Editorial [Hot topic: Antiretroviral, Anti-Inflammatory and Dopaminergic Substances in the Treatment of HIV-Infection (Guest Editor: Gabriele Arendt)]

Welcome to the 2009 Anti-Inflammatory & Anti-Allergy Agents in Medicinal Chemistry (HOT TOPIC) Vol. 8, June 2009. The topic we have chosen for this volume is the treatment of HIV-infection, antiretroviral as well as anti-inflammatory and dopaminergic. We highlight the current therapeutic state-of-the-art as well as future therapeutic options. In particular, Arendt and Nolting analyse the current knowledge on the role of interferons, interleukins, tumor-necrosis factor- alpha, colony-stimulating factors, adhesion molecules and chemokines in neuropathogenesis of HIV-infection and the resulting options for therapeutic procedures. This is important, because it is well-known that antiretroviral therapy alone is not a causative treatment for HIV-related brain disease. Because HIV-patients live longer due to modern antiretroviral therapy, they are endangered of developing virus-related complications as central nervous system disease, so that there is urgent need for adjunctive therapies. Speth and colleagues describe resident immune effector mechanisms in the HIV-infected brain. They emphasize the significance of complement factors and microglia in neuropathogenesis of HIV-infection, especially the diverse antiviral mechanisms exerted by complement and microglia.
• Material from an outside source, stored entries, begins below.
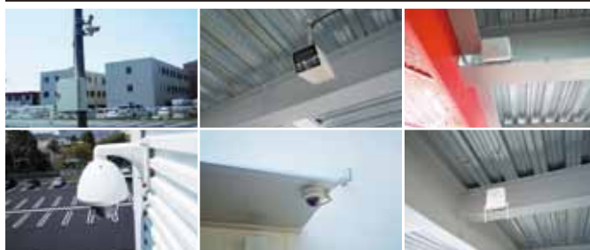
車両の出入・駐車状況を各所に配置したカメラで一括確認。ワイヤレス放送設備でお客様を円滑に誘導。
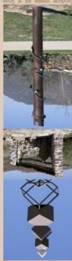
Esculturas creadas por el Grupo Munei para la senda del escultor Ursi, que pueden ser vistas a lo largo del itinerario.
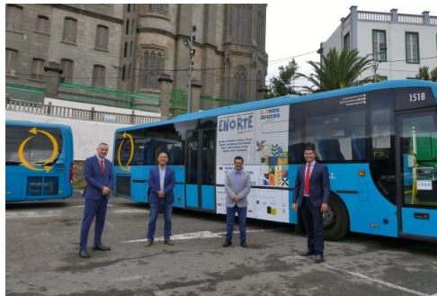
Imagen de la presentación el 25 de octubre, en el aparcamiento junto a la iglesia de San Juan.

en dos de las guaguas que recorren el trayecto entre Las Palmas de Gran Canaria y Agaete.
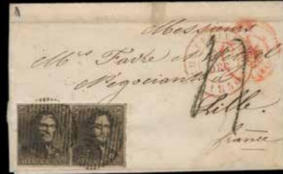
du n° 123
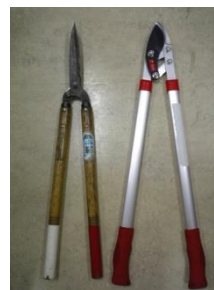
刈込バサミ（左） 太枝切りバサミ（右）
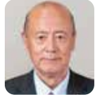
中村 勲 自由民主党・7期
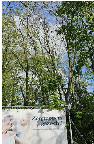
Zorgtoppers gezocht! (Spes Nostra). Maar ook: Topzorgers gezocht! In dit geval voor het eenzame roekennest in de top van de boom

De cijfers in het zwart tonen het verloop van het aantal nesten van de actieve kolonies. Na een stijging van de afgelopen jaren is het totaal aantal nesten enigszins teruggelopen. Het is nog te vroeg om te spreken van een tendens. Het is normaal dat het aantal nesten per kolonie jaarlijks flink fluctueert. Pas uit de lange termijn kunnen conclusies getrokken worden.
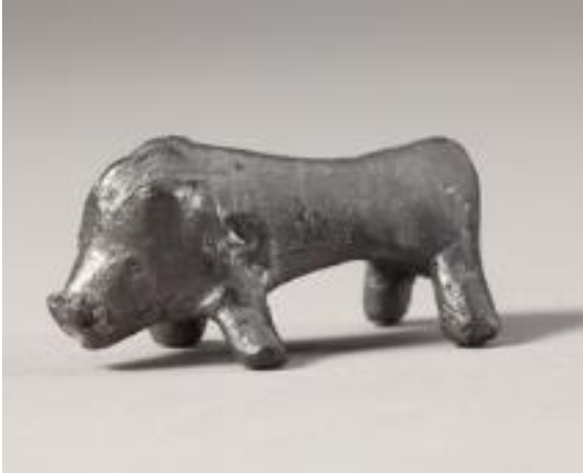
Bronzasti veper, Brinjeva gora, hrani Pokrajinski muzej Maribor

zapestnice, nanožnice in igle. Orožje, ki so ga pridali pokojnemu bojevniku, je bilo pogosto obredno enkrat ali večkrat uvito, zlasti meči, nožnice, sulične osti, noži, ščitne grbe pa so bile zmečkane.
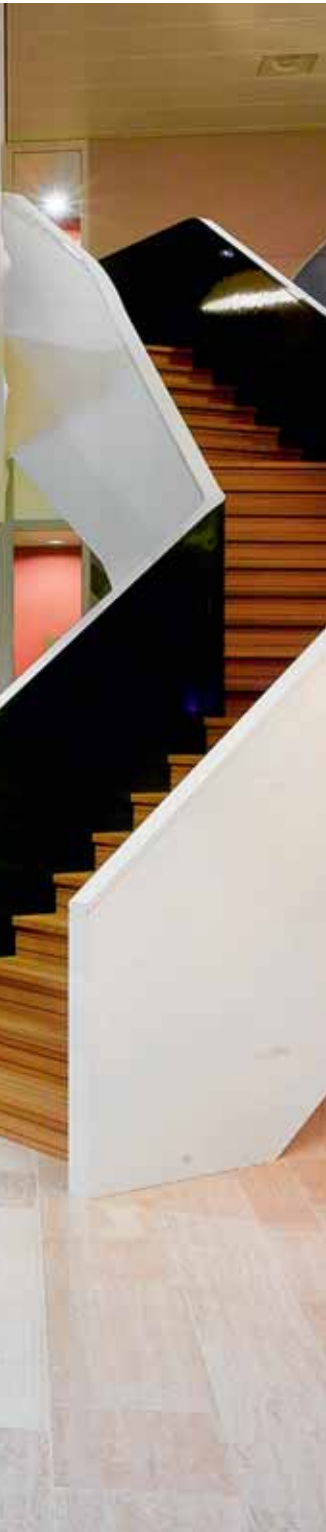
FOTO RECHTS Intake-ruimte op de begane grond, naast het restaurant
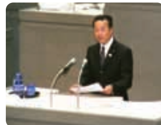
▲都議会本会議で一般質問に立つ。都政改革へ真剣勝負
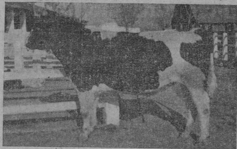
PRIÉGOLA DUPLEXLIM. El toro elegido para mejorar el ganado lechero de nuestra provincia. Revine en su pedigree campeones de raza y productoras de alto nivel
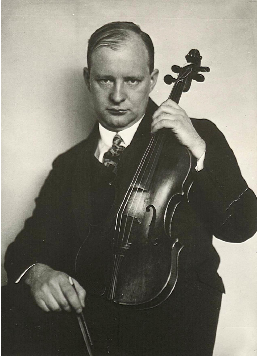
Slika 2.1. Paul Hindemith (1895. - 1963.)
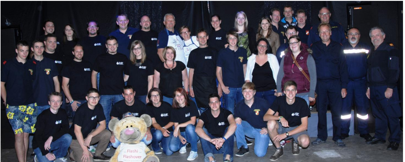
Die freiwilligen Helfer der Flash Over Party- Krone Hit Vibrations Night

Für den Freitag, den 20.06.2014 , wurde in Zusammenarbeit mit dem Radiosender „Krone Hit Radio“ die Flash Over Party organisiert. Viele Stunden der monatelangen Vorbereitung wurden in Plakatgestaltung, Sponsoring, Werbung, Festhallengestaltung usw. investiert, und es sollte sich auszahlen. Über 800 Besucher kamen und feierten bis in die frühen Morgenstunden diesen Event. Da der Erfolg dieses Konzept schon 4 Mal bestätigt hat, wird es auch 2015 die „Flashover Party“ geben. Nochmals danke an alle Mitwirkenden, Sponsoren und Helfer.
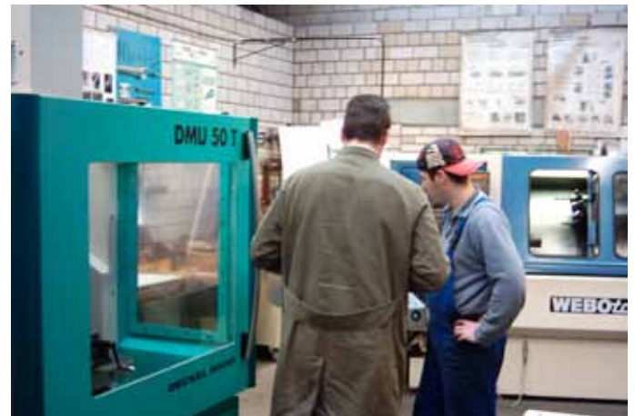
Die Anleitung und Ausbildung von Gefangenen ist eine anspruchsvolle Aufgabe, die angemessen zu dotieren ist.

The authors underline the exploitation of complement to improve cell infection as well as the function of microglia as a viral reservoir and producer of progenitor virus. They present complement and microglia as integral parts of the immune system with positive protective and detrimental abilities in virus infected brains. Eva Neuen-Jacob presents another pathogenetic trait of viral brain infection, i.e., glutamate-mediated neurodysfunction in human (HIV) and simian (SIV) immunodeficieny virus associated encephalitis. From a morphological point of view, she contributes to the glutamate hypothesis for the development of HIV-associated dementia and underlines that the impairment of glutamate clearing plays an important pathogenetic role. Furthermore, she highlights the significance of the N-methyl-Daspartate (NMDA)-receptor activation in the pathogenetic cascades of neurodegenerative disorders including HIV-associated dementia, which thus, is not only an inflammatory, but also a neurodegenerative disorder.